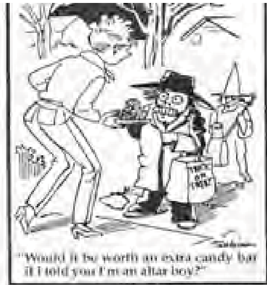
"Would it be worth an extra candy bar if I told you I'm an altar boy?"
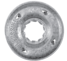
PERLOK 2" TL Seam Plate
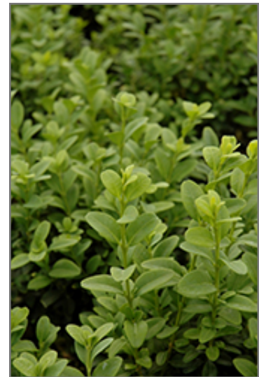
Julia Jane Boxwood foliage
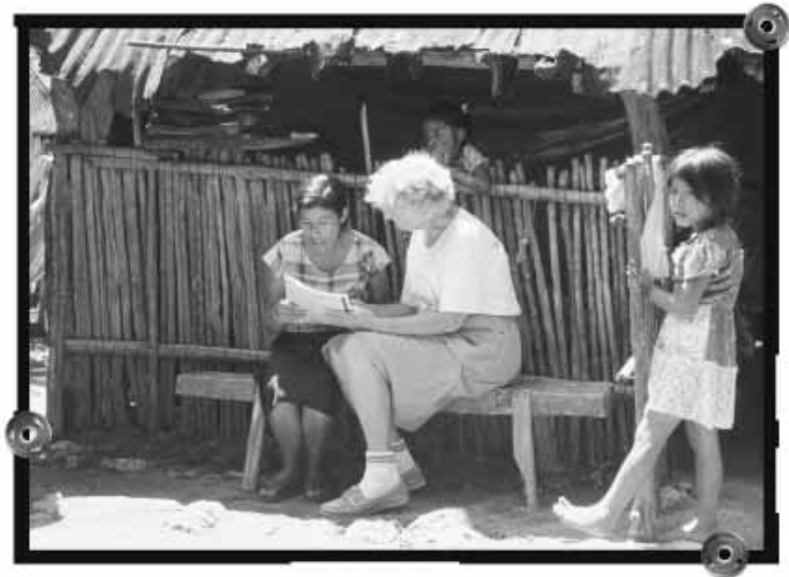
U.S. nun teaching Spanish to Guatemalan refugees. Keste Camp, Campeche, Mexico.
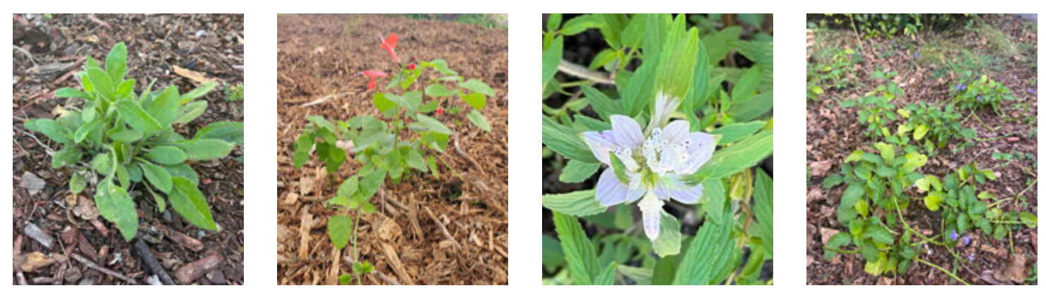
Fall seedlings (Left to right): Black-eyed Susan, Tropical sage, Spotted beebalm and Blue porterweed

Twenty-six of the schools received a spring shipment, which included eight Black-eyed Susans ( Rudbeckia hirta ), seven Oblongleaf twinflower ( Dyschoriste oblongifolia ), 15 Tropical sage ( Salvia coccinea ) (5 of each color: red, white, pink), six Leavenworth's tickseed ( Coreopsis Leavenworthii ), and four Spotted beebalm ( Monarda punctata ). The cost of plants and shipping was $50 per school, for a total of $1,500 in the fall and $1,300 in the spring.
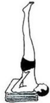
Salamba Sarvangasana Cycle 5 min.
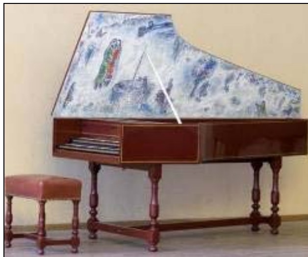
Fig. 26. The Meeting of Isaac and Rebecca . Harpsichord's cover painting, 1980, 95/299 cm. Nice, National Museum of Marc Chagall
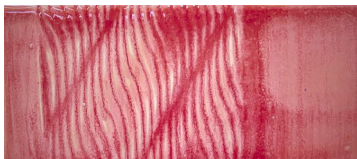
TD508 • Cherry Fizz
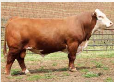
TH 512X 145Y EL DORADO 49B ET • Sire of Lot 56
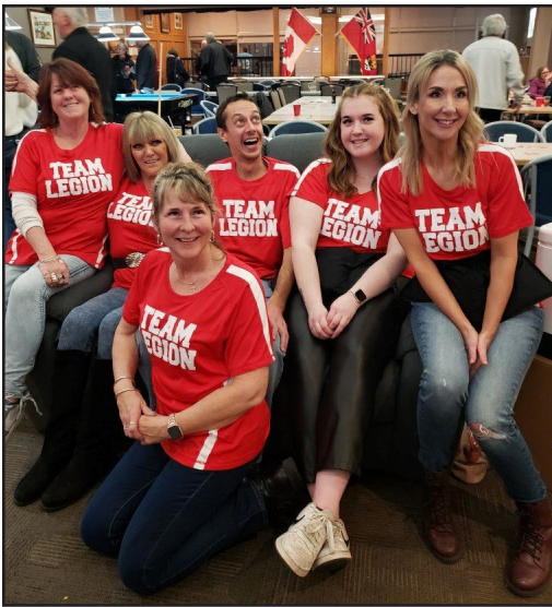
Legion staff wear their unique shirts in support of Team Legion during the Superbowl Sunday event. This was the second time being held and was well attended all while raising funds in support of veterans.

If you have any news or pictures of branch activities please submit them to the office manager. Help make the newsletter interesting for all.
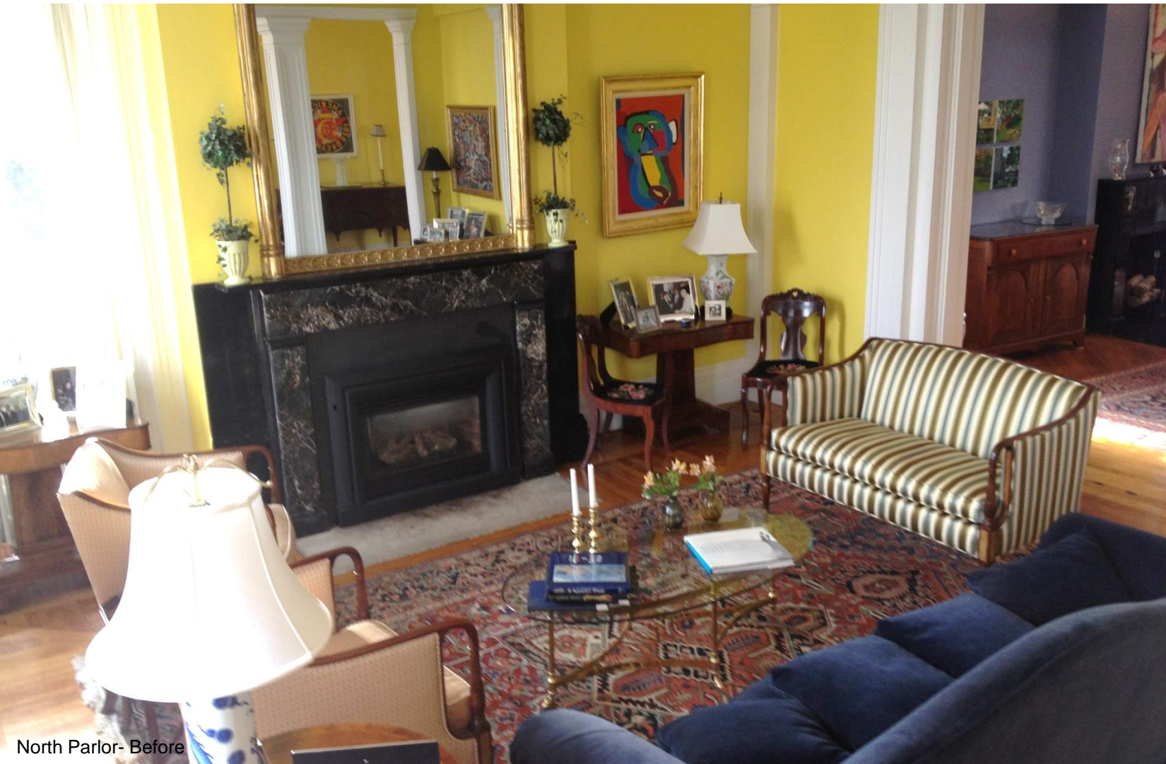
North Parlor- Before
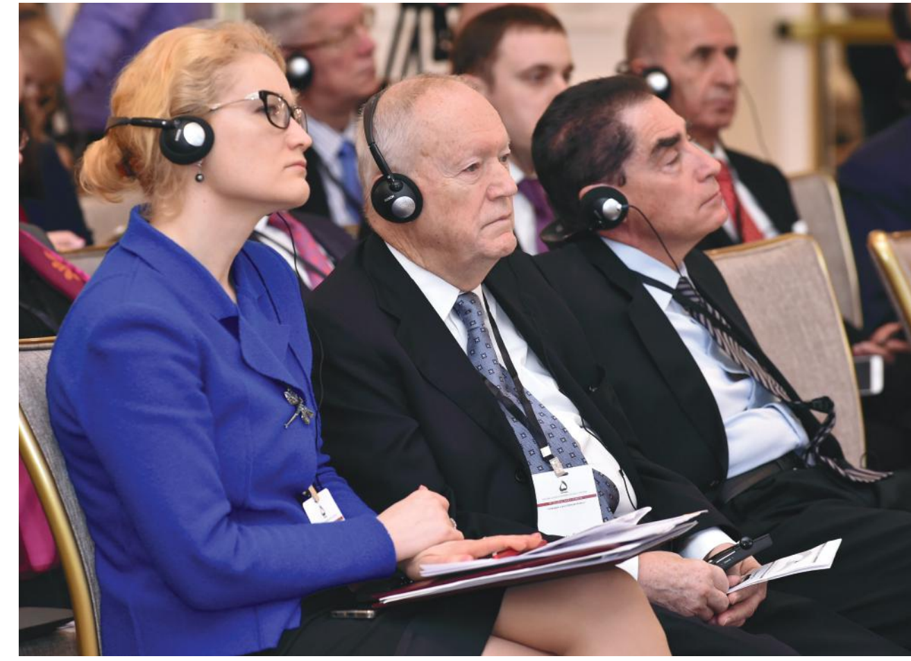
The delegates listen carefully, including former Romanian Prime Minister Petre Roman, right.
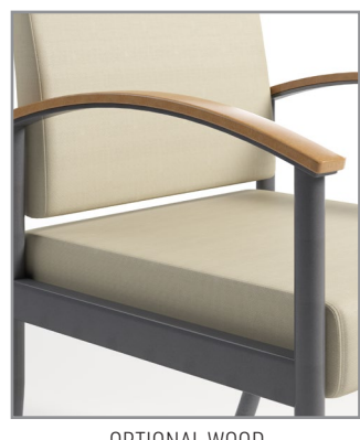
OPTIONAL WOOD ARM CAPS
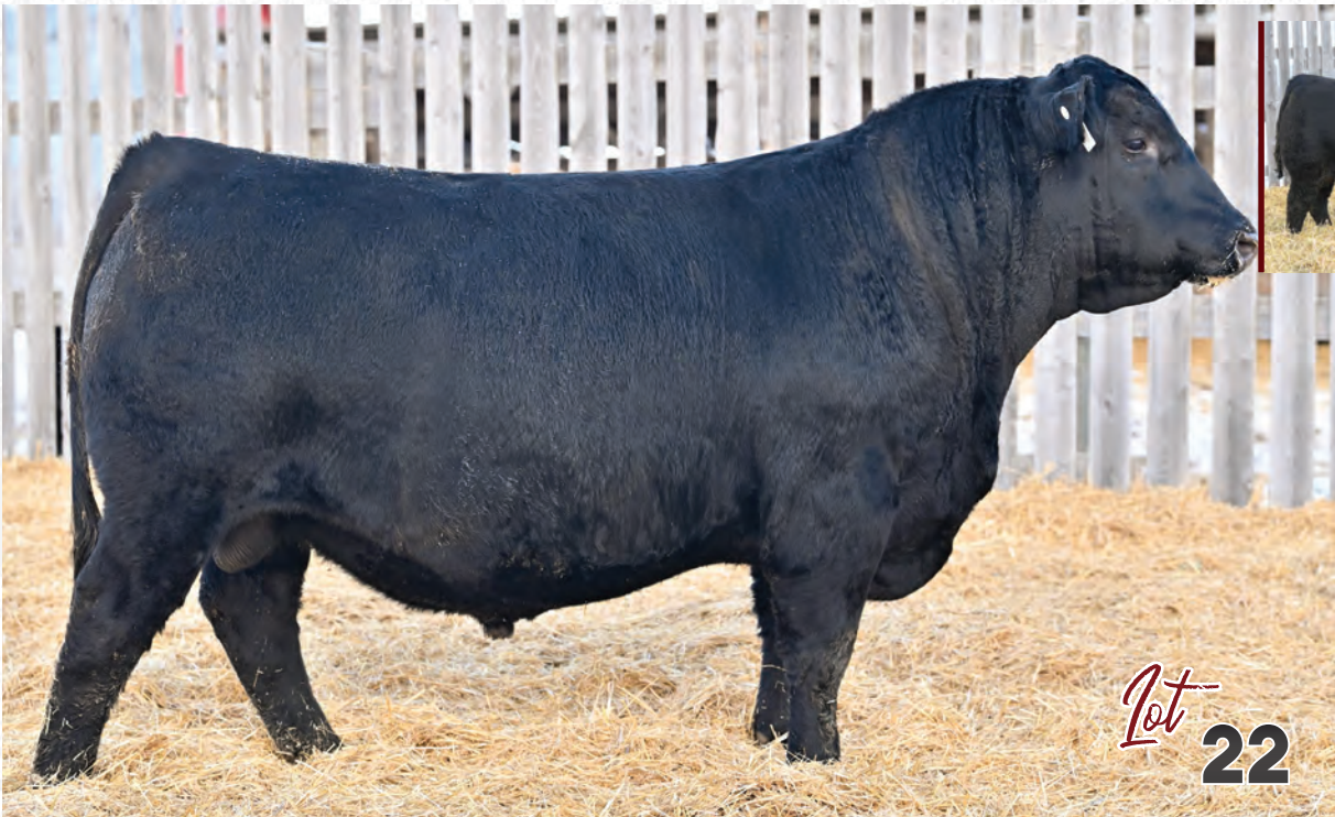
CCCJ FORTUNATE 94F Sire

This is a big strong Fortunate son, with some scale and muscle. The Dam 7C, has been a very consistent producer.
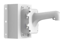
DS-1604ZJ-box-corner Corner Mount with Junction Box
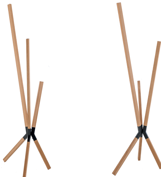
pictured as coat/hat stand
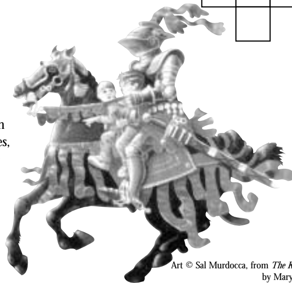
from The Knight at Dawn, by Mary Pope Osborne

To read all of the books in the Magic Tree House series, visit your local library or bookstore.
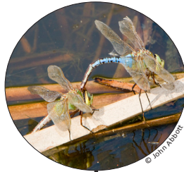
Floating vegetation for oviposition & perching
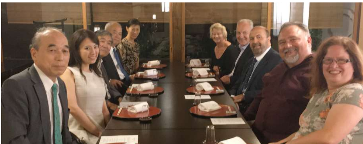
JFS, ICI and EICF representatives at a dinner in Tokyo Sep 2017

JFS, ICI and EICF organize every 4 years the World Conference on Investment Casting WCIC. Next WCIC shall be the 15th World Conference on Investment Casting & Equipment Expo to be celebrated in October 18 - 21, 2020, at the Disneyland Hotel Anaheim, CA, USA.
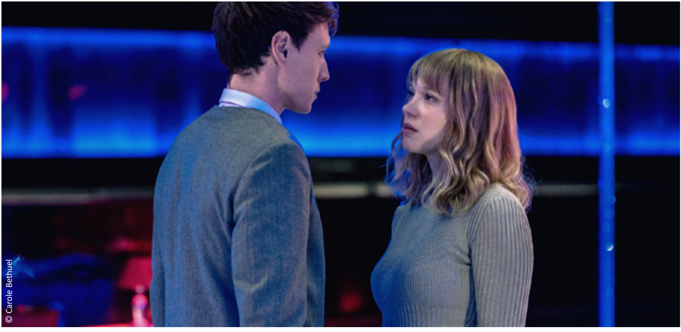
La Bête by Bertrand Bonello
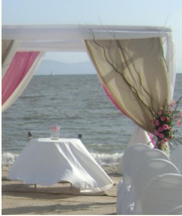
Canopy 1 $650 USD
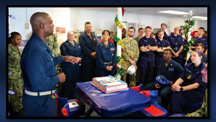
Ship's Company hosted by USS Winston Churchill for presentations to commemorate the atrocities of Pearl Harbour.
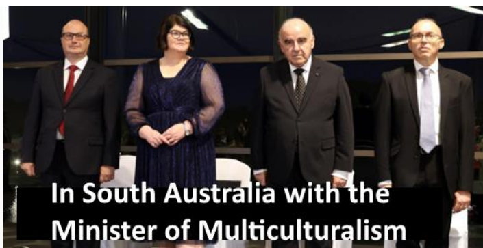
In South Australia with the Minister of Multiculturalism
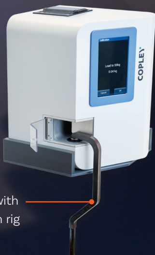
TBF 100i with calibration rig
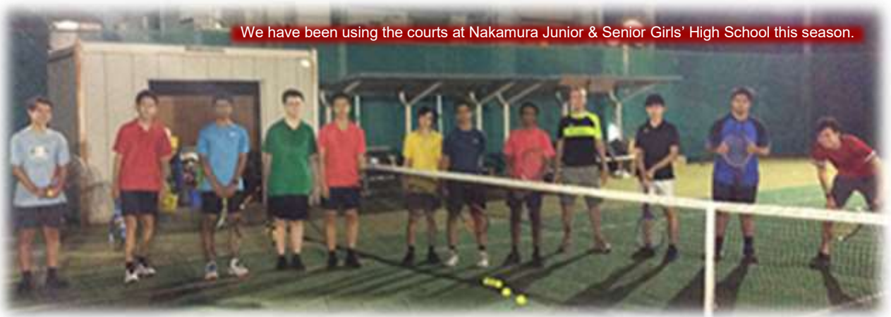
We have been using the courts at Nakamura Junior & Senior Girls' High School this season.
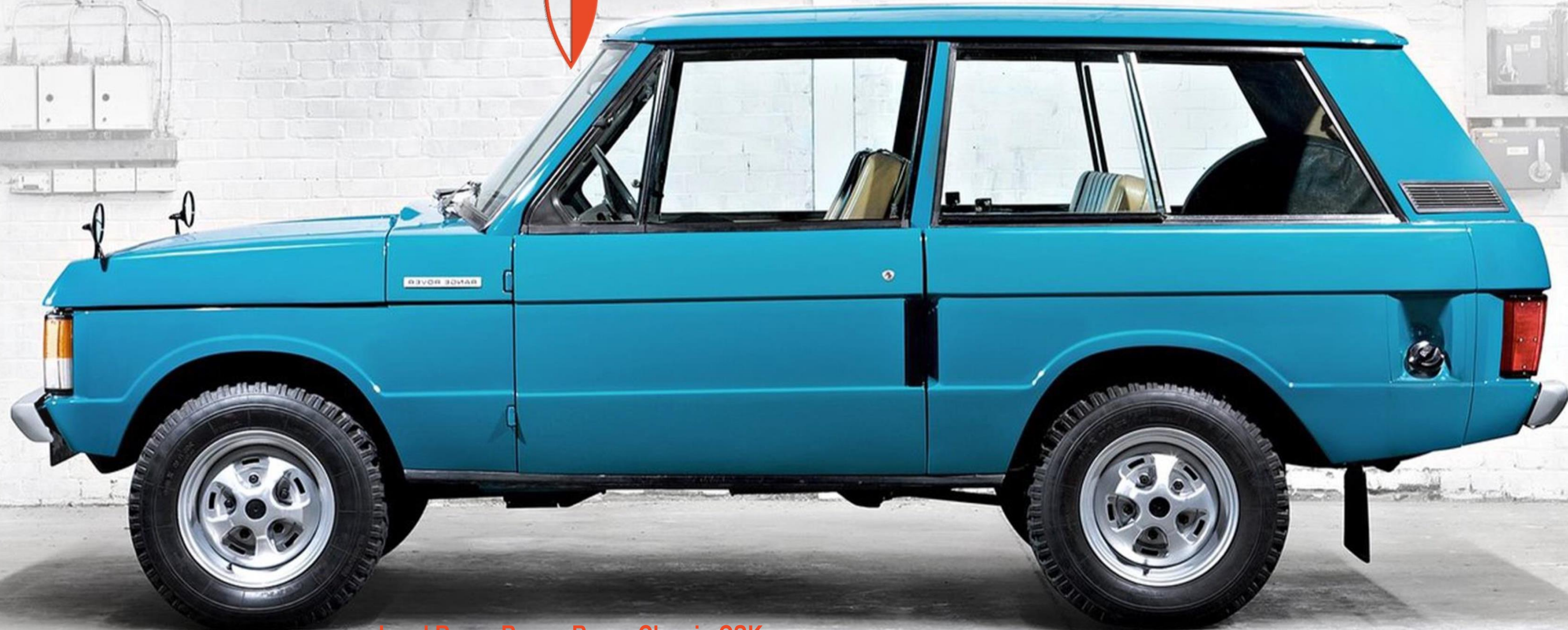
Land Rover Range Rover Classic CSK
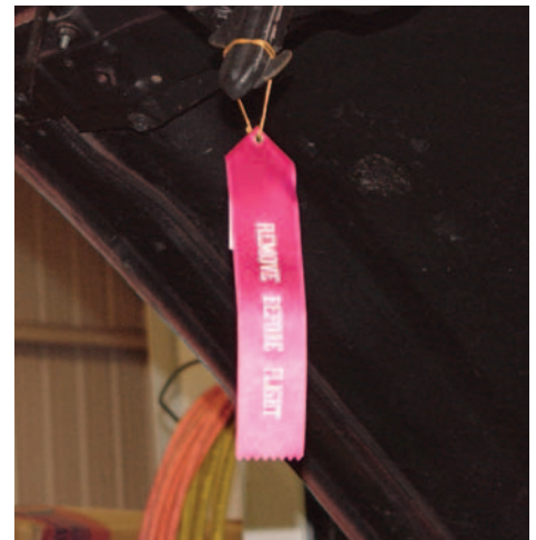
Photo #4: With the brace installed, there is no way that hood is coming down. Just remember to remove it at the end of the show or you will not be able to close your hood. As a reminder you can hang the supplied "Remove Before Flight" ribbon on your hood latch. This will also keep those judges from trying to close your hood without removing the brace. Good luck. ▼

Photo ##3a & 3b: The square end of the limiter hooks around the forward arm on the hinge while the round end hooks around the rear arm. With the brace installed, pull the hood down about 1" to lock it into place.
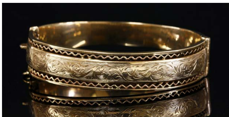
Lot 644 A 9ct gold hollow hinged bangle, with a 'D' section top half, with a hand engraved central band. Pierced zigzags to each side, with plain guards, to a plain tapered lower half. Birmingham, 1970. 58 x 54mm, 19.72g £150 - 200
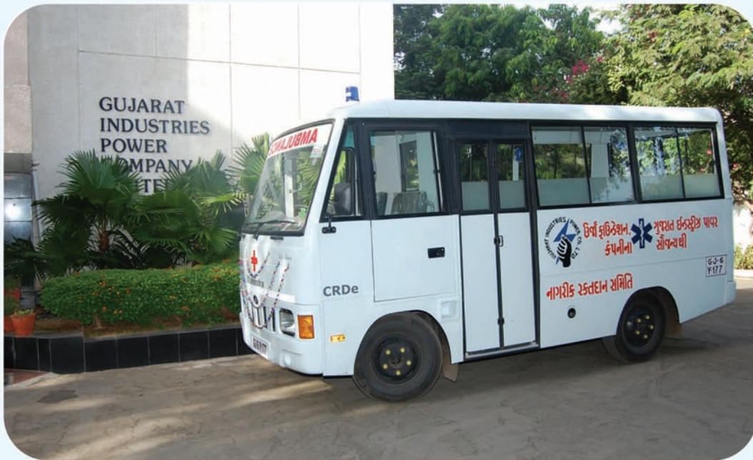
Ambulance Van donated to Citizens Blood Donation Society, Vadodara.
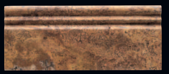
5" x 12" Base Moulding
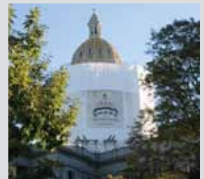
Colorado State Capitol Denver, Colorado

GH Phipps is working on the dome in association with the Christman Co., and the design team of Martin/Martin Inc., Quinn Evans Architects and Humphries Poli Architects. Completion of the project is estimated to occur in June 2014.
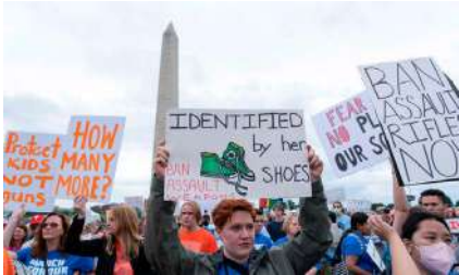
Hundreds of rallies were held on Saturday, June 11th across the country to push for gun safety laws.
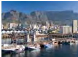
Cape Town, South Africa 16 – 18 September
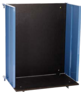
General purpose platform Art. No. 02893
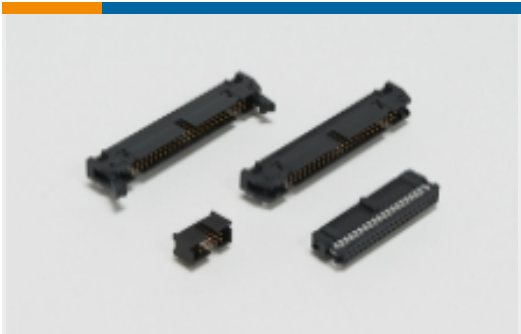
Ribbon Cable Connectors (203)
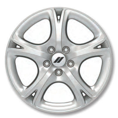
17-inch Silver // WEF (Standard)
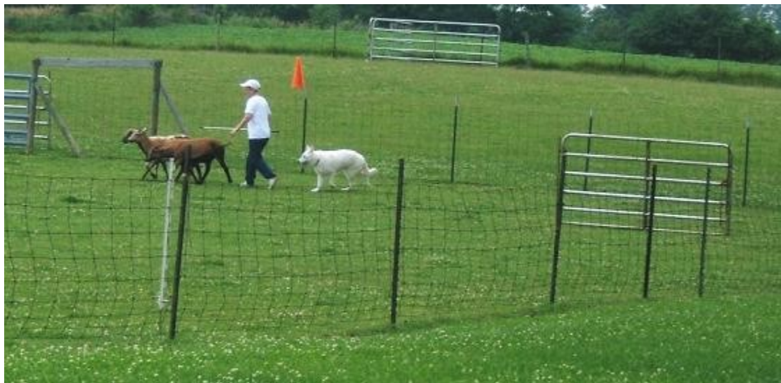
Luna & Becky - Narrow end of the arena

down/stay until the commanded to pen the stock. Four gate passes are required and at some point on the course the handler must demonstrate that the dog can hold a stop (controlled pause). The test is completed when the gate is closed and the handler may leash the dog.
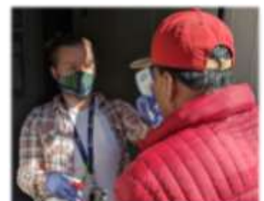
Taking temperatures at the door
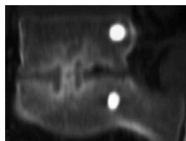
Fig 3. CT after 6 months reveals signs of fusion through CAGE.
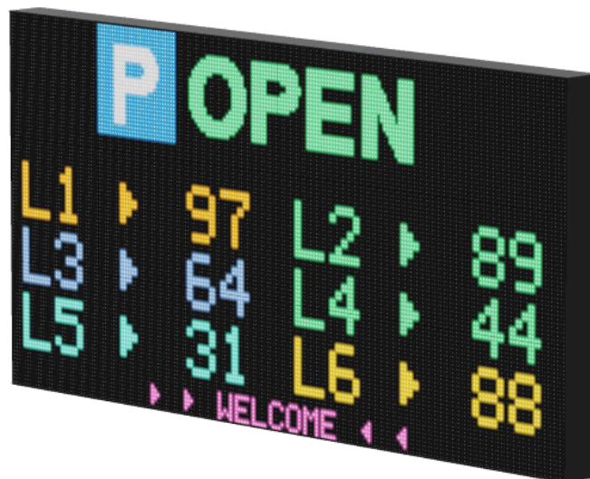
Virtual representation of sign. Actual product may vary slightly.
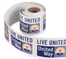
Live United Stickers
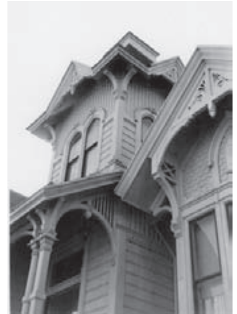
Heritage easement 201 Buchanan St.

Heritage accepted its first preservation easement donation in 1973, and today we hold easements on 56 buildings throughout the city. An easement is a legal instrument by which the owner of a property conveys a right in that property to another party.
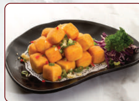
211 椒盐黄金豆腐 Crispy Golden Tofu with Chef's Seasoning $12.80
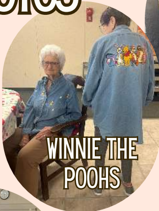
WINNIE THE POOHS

### Problem requirements
Quote the listing above, but only from the line that shows "Heritage easement 201 Buchanan St." through the line that shows "Heritage accepted its".

### Your solution
Heritage easement 201 Buchanan St.

Heritage accepted its first preservation easement donation in 1973, and today we hold easements on 56 buildings throughout the city. An easement is a legal instrument by which the owner of a property conveys a right in that property to another party.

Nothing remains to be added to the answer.